— Your task —
Although the material holds pictures, none belong in the copy; transcribe exactly, and only, the lines from the one with "クロップド丈がトレンド感を演出するジップアップパーカーです。" through the end.

— Collected material —

►

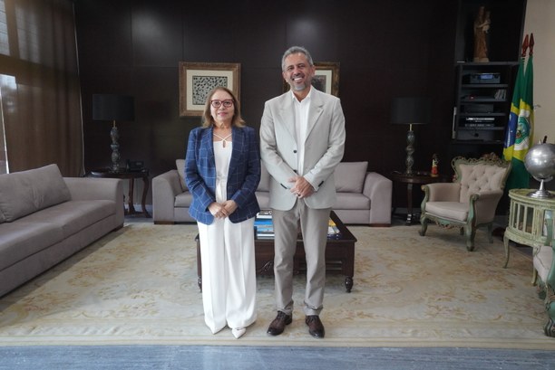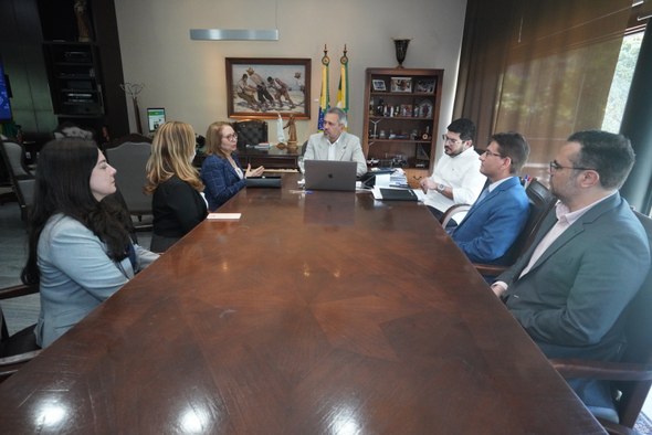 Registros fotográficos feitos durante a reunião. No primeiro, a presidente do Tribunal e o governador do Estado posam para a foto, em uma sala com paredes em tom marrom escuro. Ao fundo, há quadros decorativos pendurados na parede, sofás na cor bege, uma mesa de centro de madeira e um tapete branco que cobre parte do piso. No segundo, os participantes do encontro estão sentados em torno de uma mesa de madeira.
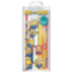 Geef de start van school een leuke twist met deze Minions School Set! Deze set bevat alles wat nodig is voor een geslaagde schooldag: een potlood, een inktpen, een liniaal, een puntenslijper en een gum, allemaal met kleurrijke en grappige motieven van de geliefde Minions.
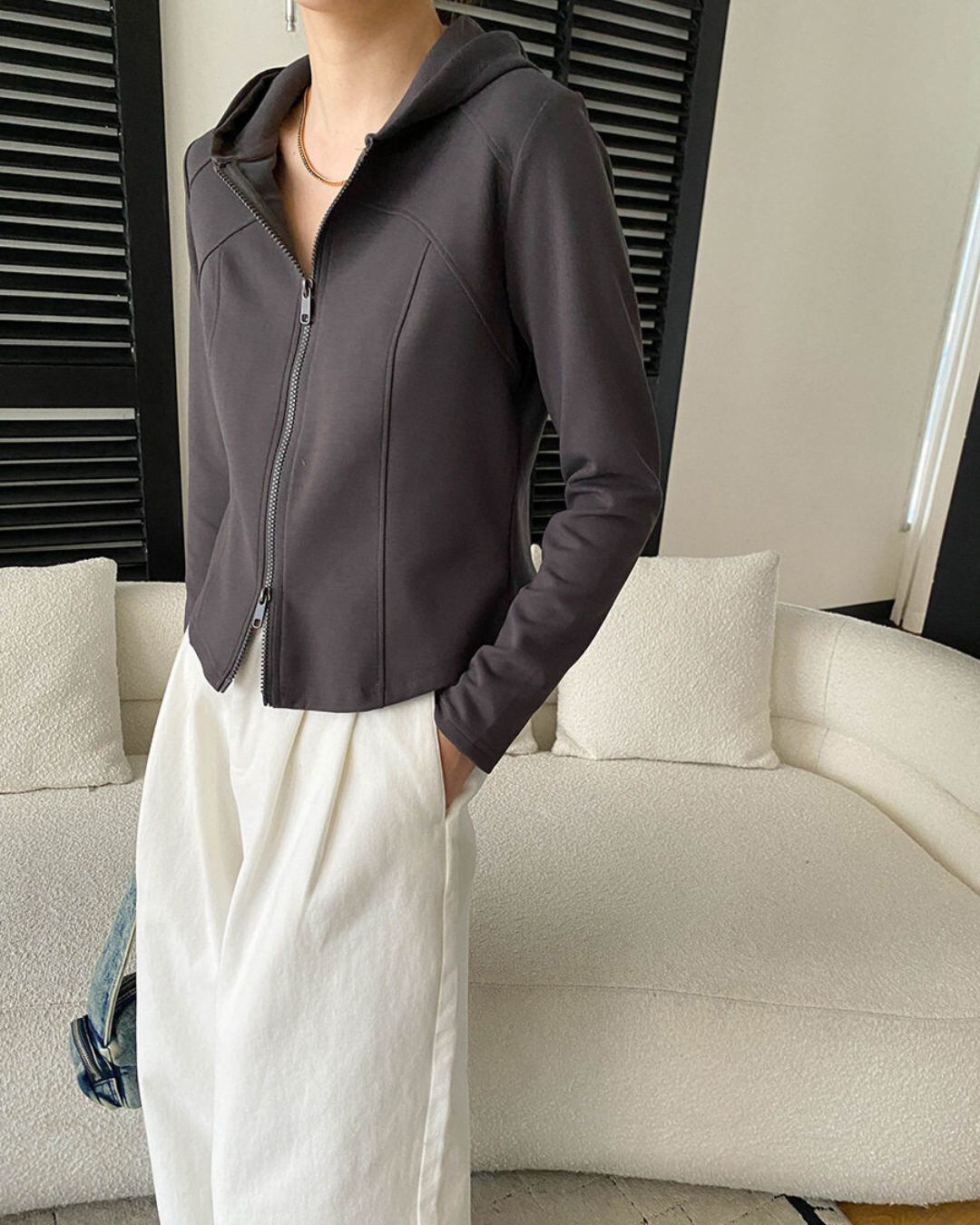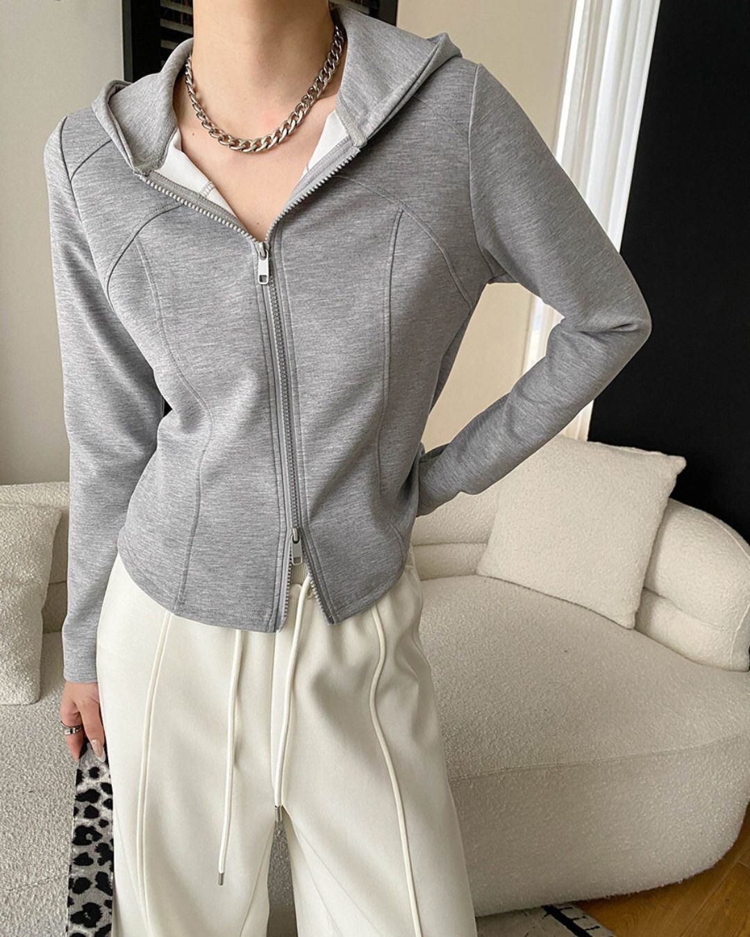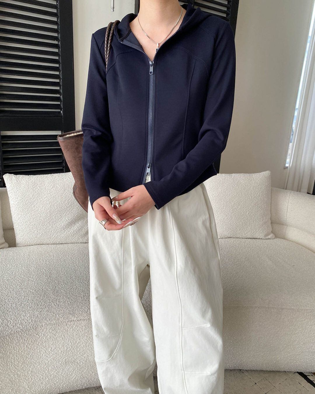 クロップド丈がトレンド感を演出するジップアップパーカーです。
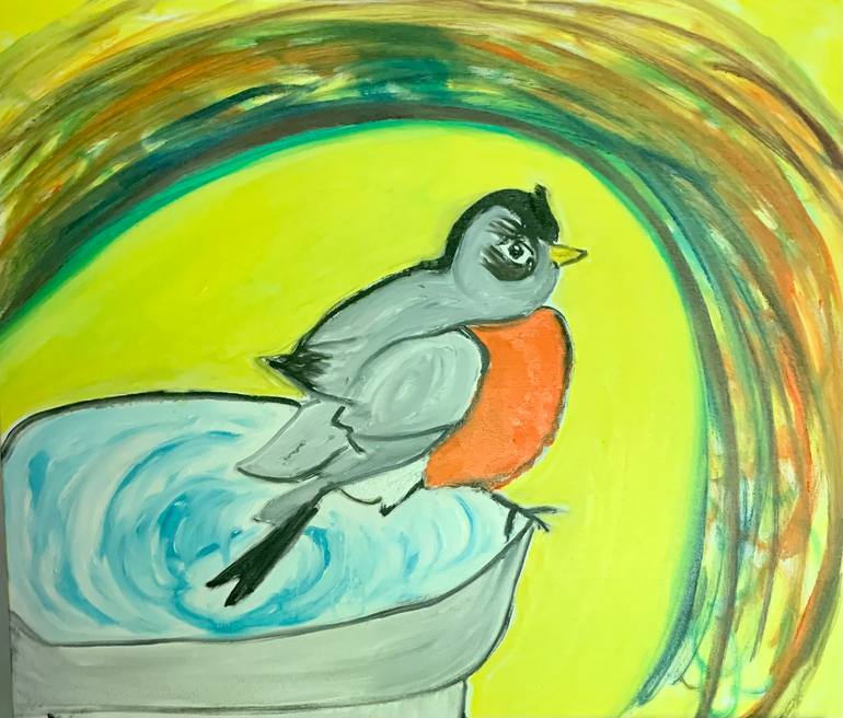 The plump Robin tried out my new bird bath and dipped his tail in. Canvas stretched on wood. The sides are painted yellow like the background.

◄

— Reply —
 クロップド丈がトレンド感を演出するジップアップパーカーです。
 The plump Robin tried out my new bird bath and dipped his tail in. Canvas stretched on wood. The sides are painted yellow like the background.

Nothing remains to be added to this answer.